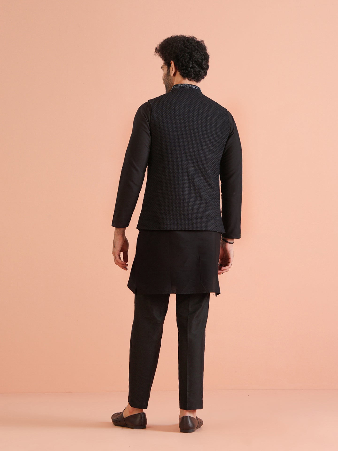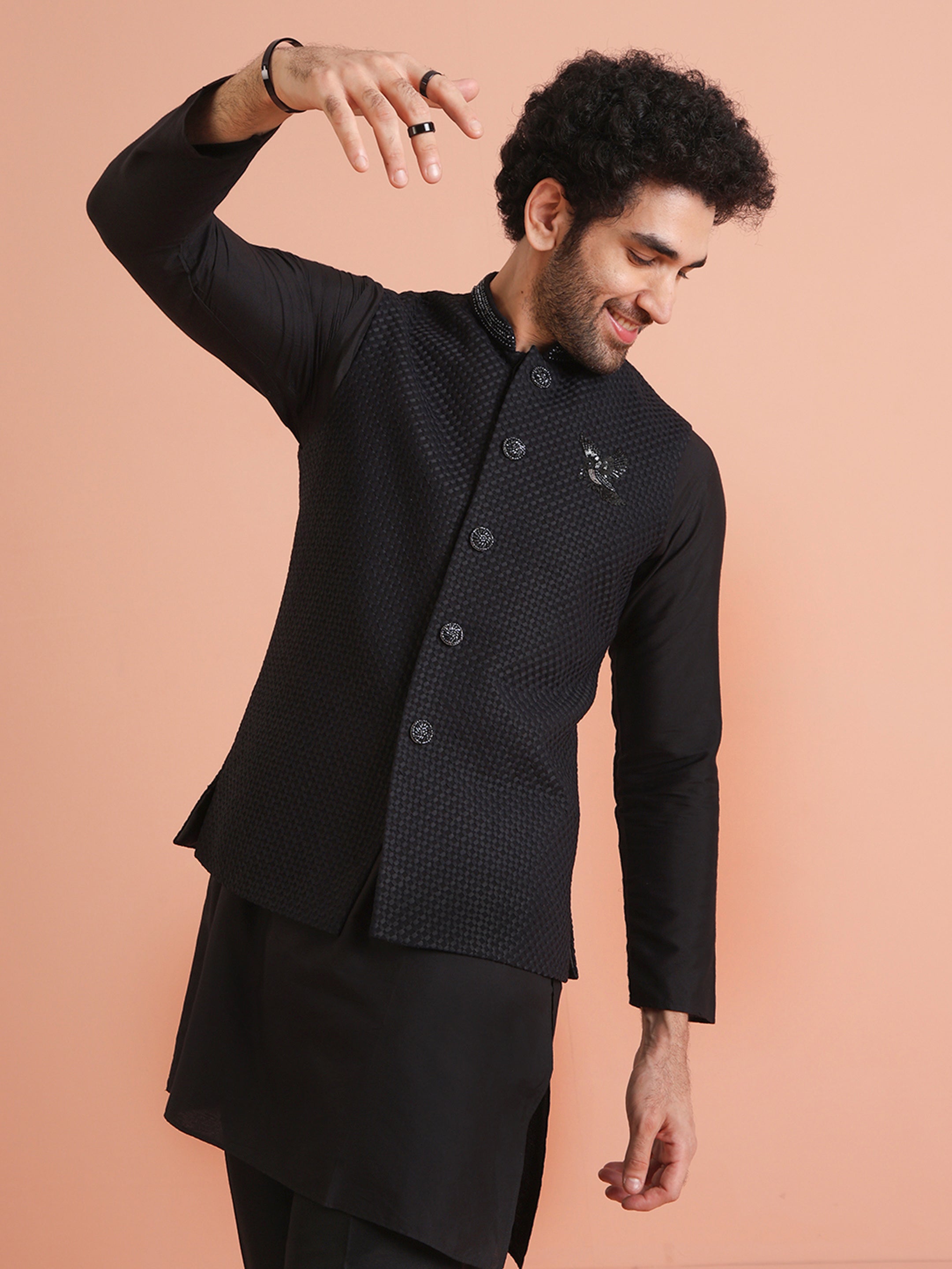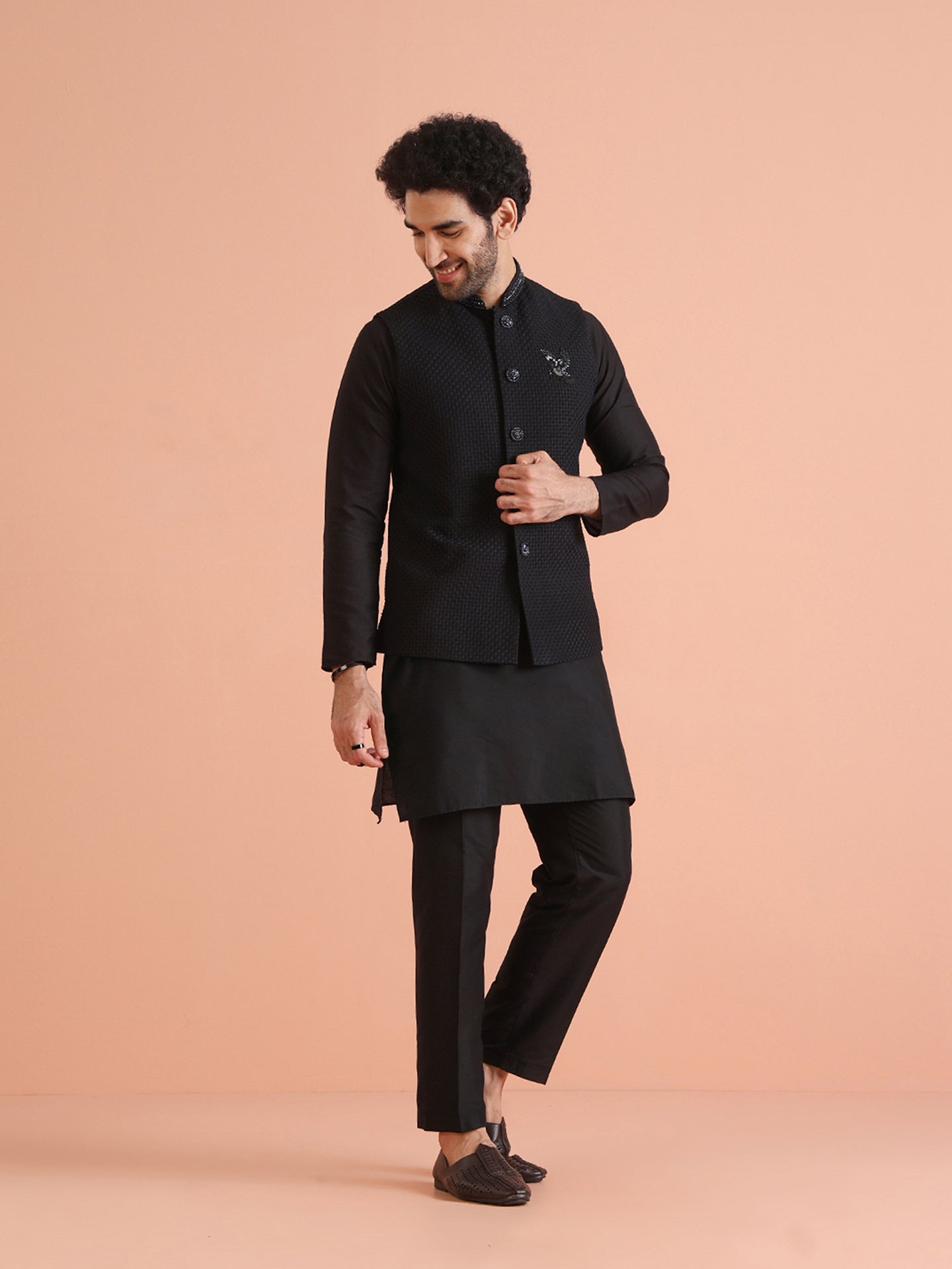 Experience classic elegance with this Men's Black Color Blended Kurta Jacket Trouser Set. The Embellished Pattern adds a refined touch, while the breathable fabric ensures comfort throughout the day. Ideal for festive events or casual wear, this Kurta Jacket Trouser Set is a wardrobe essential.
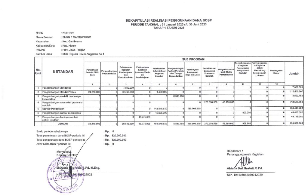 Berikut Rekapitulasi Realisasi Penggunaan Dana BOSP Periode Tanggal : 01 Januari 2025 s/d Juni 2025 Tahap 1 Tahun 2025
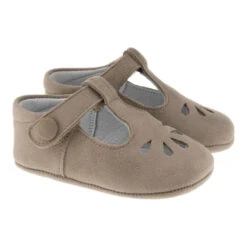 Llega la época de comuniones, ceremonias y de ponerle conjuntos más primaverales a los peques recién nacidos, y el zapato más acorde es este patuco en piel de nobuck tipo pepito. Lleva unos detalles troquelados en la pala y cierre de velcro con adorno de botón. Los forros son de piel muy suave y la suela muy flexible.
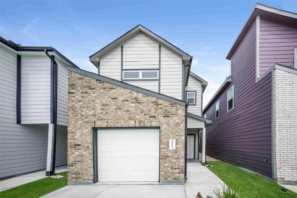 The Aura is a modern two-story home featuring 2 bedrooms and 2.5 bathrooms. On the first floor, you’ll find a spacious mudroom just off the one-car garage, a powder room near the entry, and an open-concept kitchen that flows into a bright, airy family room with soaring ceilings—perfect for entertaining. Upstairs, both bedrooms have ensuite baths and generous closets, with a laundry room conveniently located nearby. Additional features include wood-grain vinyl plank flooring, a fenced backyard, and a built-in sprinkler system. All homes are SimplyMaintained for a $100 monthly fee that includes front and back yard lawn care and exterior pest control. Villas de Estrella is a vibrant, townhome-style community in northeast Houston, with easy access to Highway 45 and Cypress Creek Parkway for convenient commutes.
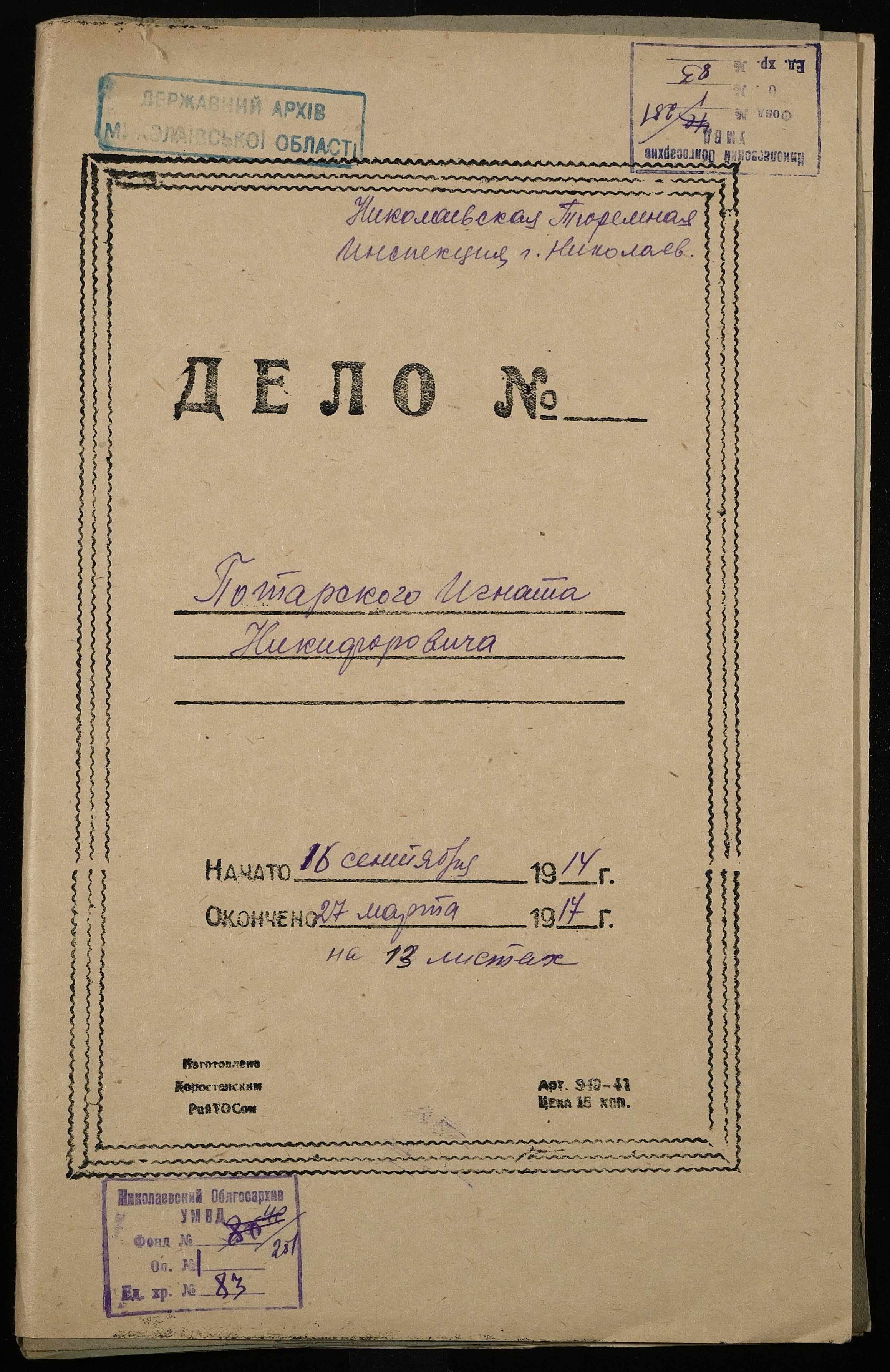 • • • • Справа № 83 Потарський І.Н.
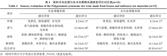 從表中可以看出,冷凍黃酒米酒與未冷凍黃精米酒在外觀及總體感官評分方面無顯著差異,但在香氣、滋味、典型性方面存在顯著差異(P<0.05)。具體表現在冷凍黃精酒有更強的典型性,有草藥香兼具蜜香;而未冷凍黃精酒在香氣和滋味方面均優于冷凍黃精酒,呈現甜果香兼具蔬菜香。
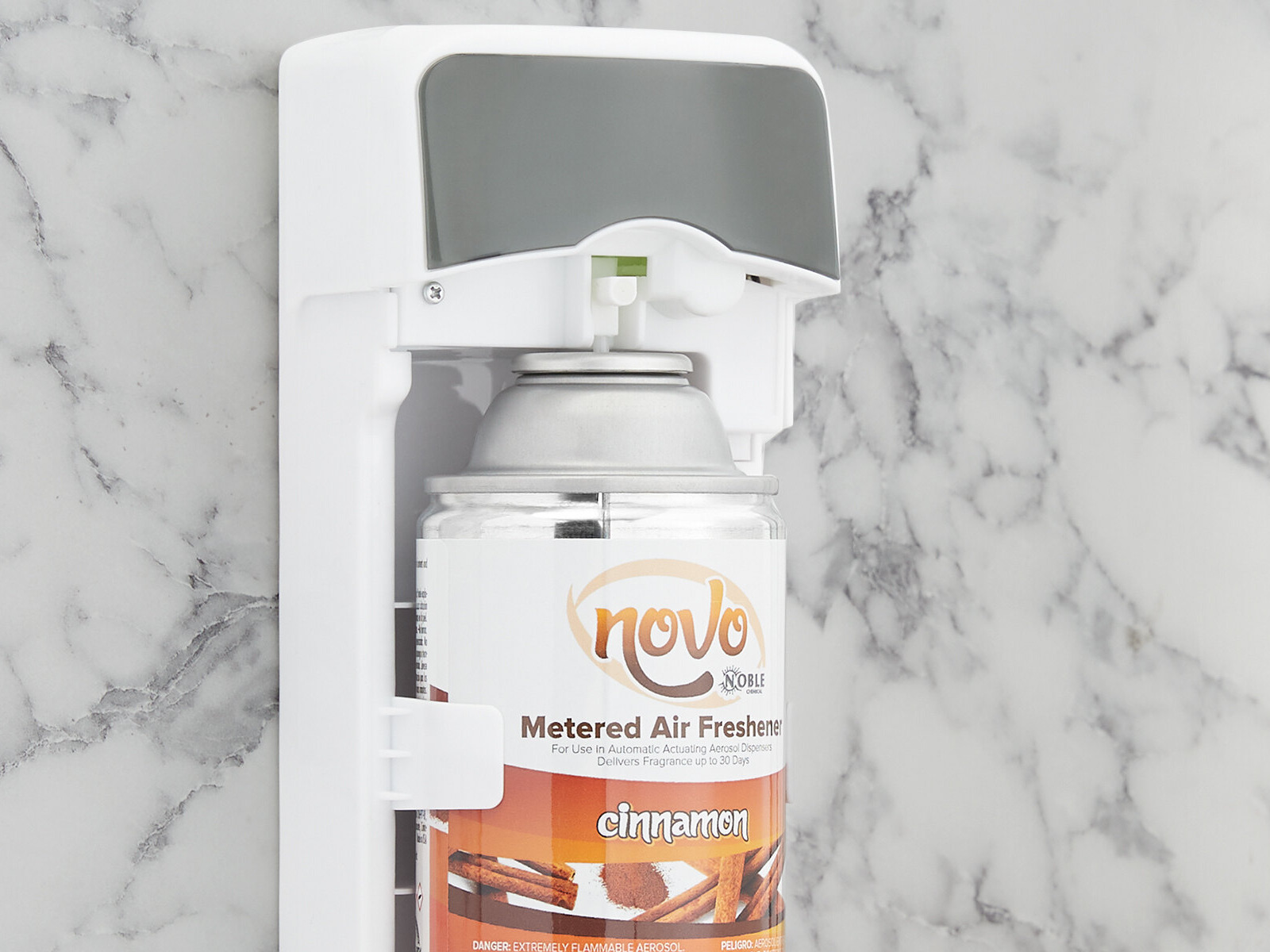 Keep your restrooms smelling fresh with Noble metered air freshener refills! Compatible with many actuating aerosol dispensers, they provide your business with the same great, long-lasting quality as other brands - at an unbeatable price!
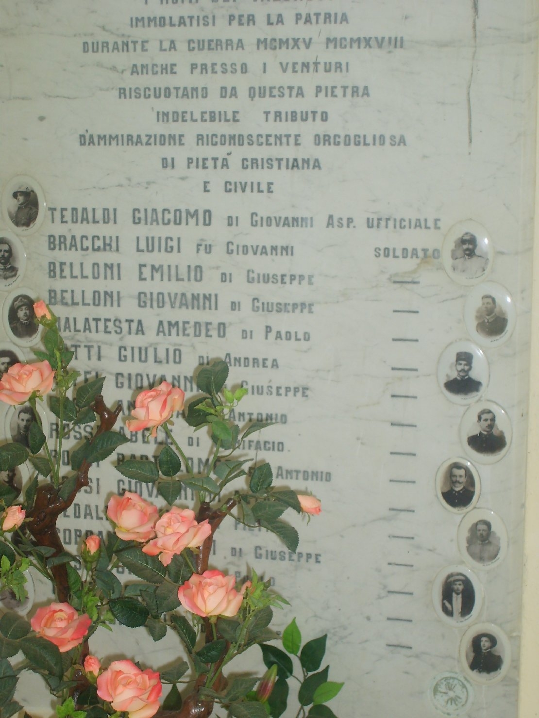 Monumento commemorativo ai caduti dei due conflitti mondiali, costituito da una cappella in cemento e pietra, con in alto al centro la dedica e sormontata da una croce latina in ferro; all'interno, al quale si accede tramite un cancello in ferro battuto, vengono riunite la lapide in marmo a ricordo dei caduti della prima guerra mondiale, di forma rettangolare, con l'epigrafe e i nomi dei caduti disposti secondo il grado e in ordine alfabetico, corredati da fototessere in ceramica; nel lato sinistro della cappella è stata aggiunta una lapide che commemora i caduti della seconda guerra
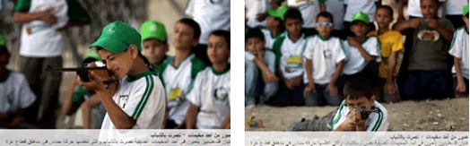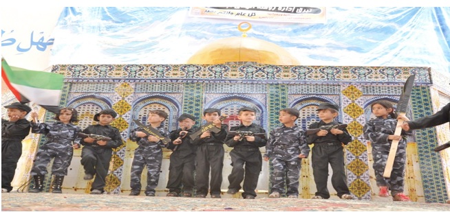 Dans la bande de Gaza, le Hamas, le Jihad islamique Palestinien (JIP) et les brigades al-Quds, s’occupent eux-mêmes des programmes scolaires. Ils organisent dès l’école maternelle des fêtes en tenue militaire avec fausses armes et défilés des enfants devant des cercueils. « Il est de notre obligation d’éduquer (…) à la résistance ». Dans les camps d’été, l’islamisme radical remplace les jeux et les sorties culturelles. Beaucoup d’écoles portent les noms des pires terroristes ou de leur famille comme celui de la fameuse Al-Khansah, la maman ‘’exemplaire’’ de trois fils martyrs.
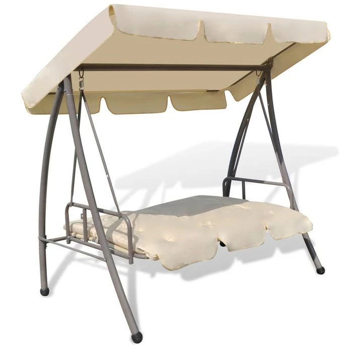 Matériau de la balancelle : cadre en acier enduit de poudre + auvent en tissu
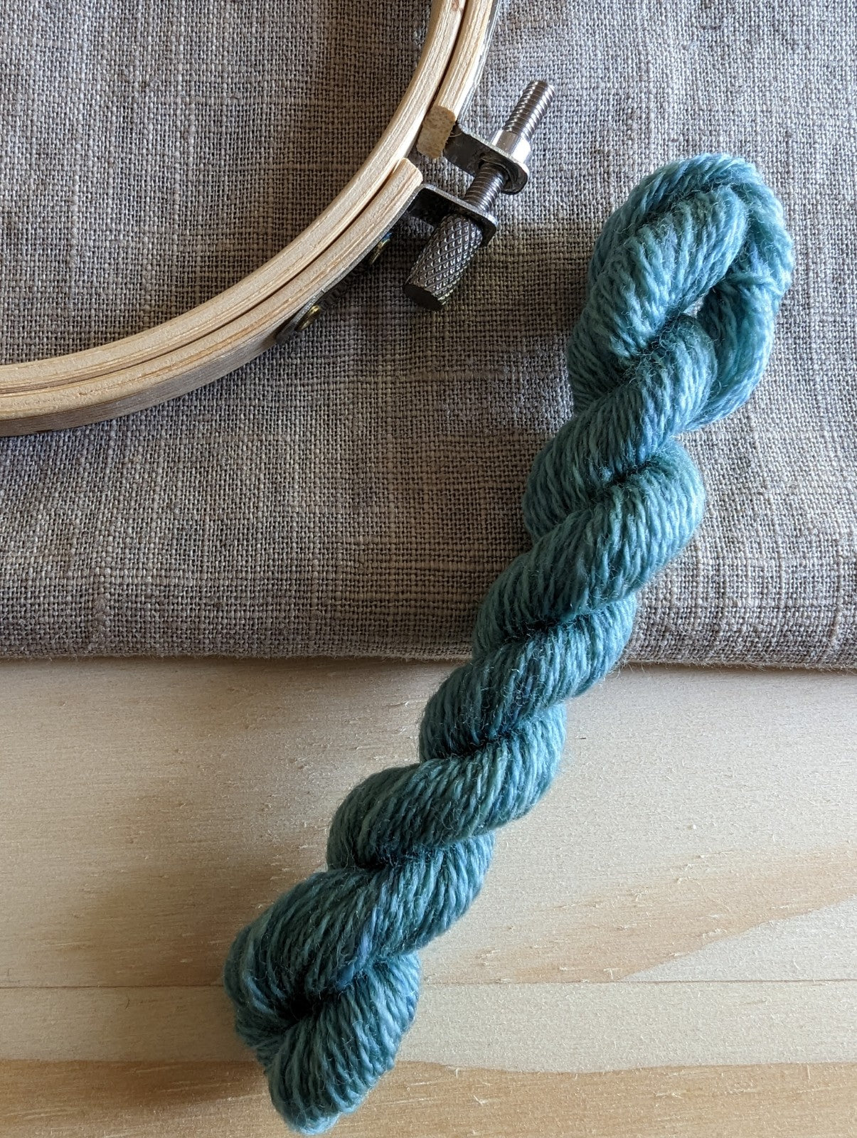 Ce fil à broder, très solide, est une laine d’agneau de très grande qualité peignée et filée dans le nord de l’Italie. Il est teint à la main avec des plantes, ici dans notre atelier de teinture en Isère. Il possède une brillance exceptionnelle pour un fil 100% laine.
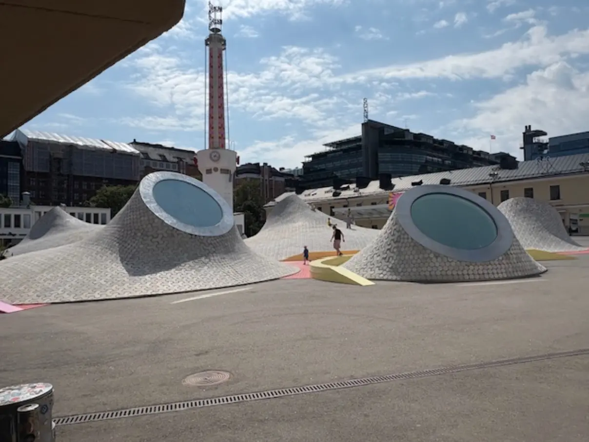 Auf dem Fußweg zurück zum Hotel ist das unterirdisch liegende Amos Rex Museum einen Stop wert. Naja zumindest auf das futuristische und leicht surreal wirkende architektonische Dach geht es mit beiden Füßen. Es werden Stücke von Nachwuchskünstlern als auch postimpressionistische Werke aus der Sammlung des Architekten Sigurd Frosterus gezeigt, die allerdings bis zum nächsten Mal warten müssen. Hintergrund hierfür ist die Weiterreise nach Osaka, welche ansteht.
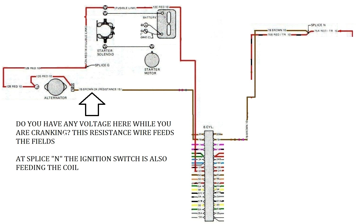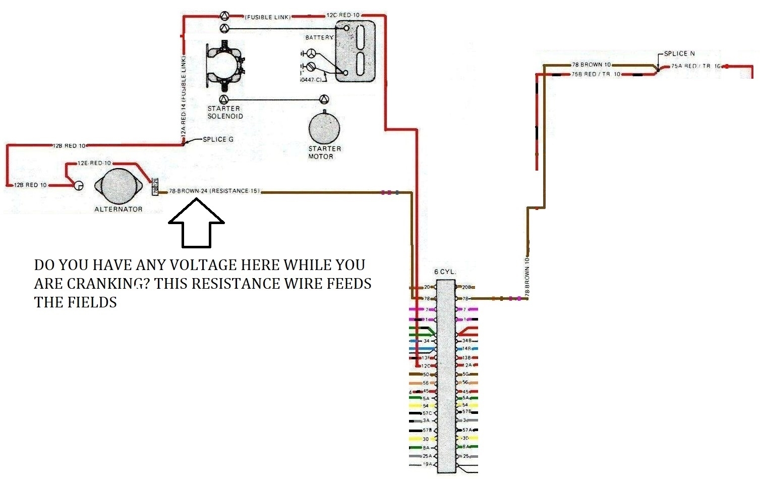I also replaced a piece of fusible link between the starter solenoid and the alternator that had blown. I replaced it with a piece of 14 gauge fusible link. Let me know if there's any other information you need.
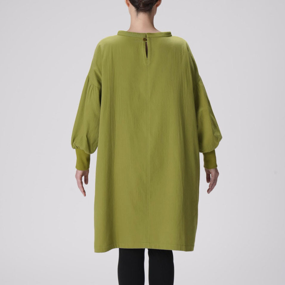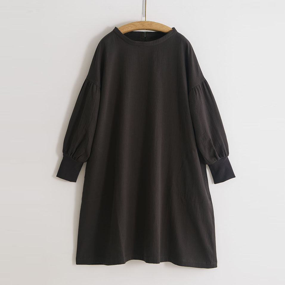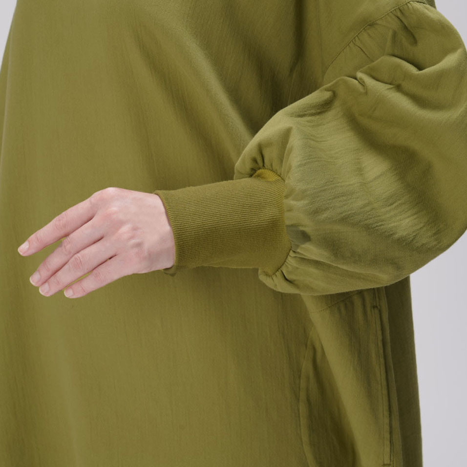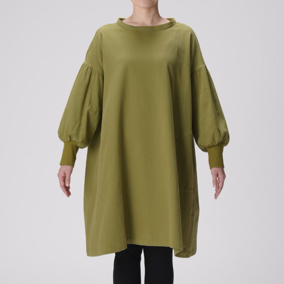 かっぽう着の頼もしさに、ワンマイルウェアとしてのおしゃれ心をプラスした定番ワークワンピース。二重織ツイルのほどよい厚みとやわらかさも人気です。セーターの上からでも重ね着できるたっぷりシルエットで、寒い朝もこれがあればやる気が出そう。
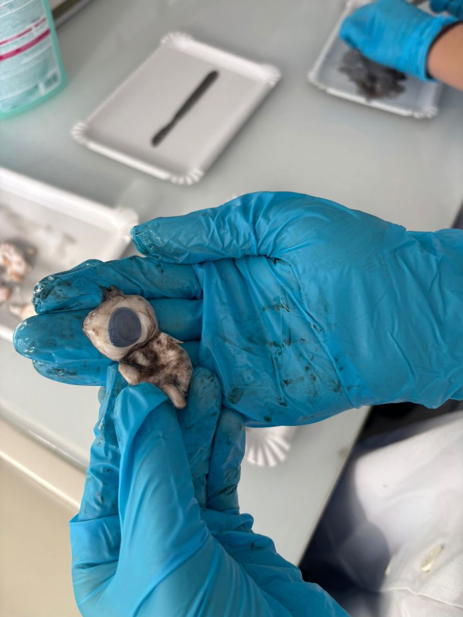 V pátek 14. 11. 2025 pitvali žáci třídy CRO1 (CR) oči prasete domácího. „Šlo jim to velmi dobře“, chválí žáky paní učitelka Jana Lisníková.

:::

* Requirement *
In the entries above, find the line with "Dans la bande" and the line with "Matériau de la". Return exactly those lines and all the ones between them, pictures excluded.

* Output of the exercise *
 Dans la bande de Gaza, le Hamas, le Jihad islamique Palestinien (JIP) et les brigades al-Quds, s’occupent eux-mêmes des programmes scolaires. Ils organisent dès l’école maternelle des fêtes en tenue militaire avec fausses armes et défilés des enfants devant des cercueils. « Il est de notre obligation d’éduquer (…) à la résistance ». Dans les camps d’été, l’islamisme radical remplace les jeux et les sorties culturelles. Beaucoup d’écoles portent les noms des pires terroristes ou de leur famille comme celui de la fameuse Al-Khansah, la maman ‘’exemplaire’’ de trois fils martyrs.
 Matériau de la balancelle : cadre en acier enduit de poudre + auvent en tissu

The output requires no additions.